In emulation, node random placement is in the region of 100m * 100m, and average position error and Signal Coverage Percentage adopt respectively following formula:
AverageError = Σ i = 1 N ( x ′ - x ) 2 + ( y ′ - y ) 2 N * R - - - ( 12 )
Coverage = N located N × 100 % - - - ( 13 )
In formula, R is node communication radius, and N is unknown node sum, the actual coordinate that (x, y) is node, (x ', y ') be the elements of a fix.N locatedrepresent the successfully unknown node number of location.
1 Signal Coverage Percentage
Unknown node in network is set and adds up to 100, node communication radius is made as 20m, changes anchor node number, from 10, is increased to 40, emulation relatively adopts the node localization coverage of above-mentioned several algorithm gained, and after emulation 100 times, required Signal Coverage Percentage mean value as shown in Figure 2.
As can be seen from Figure 2 these four kinds of algorithm Signal Coverage Percentages all can increase along with the increase of anchor node quantity.WSDV-Hop algorithm can complete location by all unknown node when anchor node quantity reaches 35.And all the other algorithms will be realized location completely, need to continue to increase anchor node number, and when anchor node number less (such as lower than 20), Signal Coverage Percentage is lower.
Two kinds of algorithms of WSDV-Hop and SDV-Hop, when anchor node quantity increases, are realized completely and being located comparatively fast.This is because these two kinds of algorithms adopt preferred anchor node, the situation that the node that can avoid the combination of bad anchor node topology to cause cannot be located.The location coverage effect of WSDV-Hop algorithm is better than again SDV-Hop algorithm, because before preferred anchor node, when unknown node is asked for Average hop distance in WSDV-Hop algorithm, optimize anchor node corrected value, reduced the error of estimated distance between unknown node and anchor node.
The relation of 2 average position errors and anchor node quantity
Simulated conditions is with 3.1, and setting unknown node number is 100, changes anchor node number, and emulation relatively adopts the average position error of four kinds of algorithm gained, and experimental result as shown in Figure 3.

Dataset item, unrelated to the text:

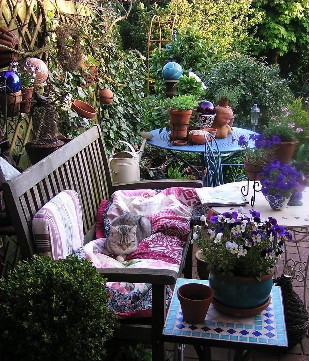Для оформления пространства вокруг водоемов или на открытых солнечных участках можно установить кованые скамейки с каменными или металлическими сиденьями и украсить их пледами, покрывалами, выполненными в стиле макраме или пэчворк , декоративными подушками.

As can be seen from Figure 3, at anchor node number, from the less initialization phase progressively increasing, average position error reduces more obvious, and along with further the increasing of anchor node quantity, average position error slowly reduces.The plots changes of these four kinds of location algorithms is consistent.This is for example, because (be increased to 20 from 10) when anchor node quantity increases, and the range of choice that can be used for the anchor node of location Calculation becomes large, so position error can reduce.For example, and when anchor node is increased to some (more than 20), between unknown node and anchor node, the error change of estimated distance is less, thereby the position error of each unknown node also tends towards stability, and the reduction of the average position error of network also tends towards stability.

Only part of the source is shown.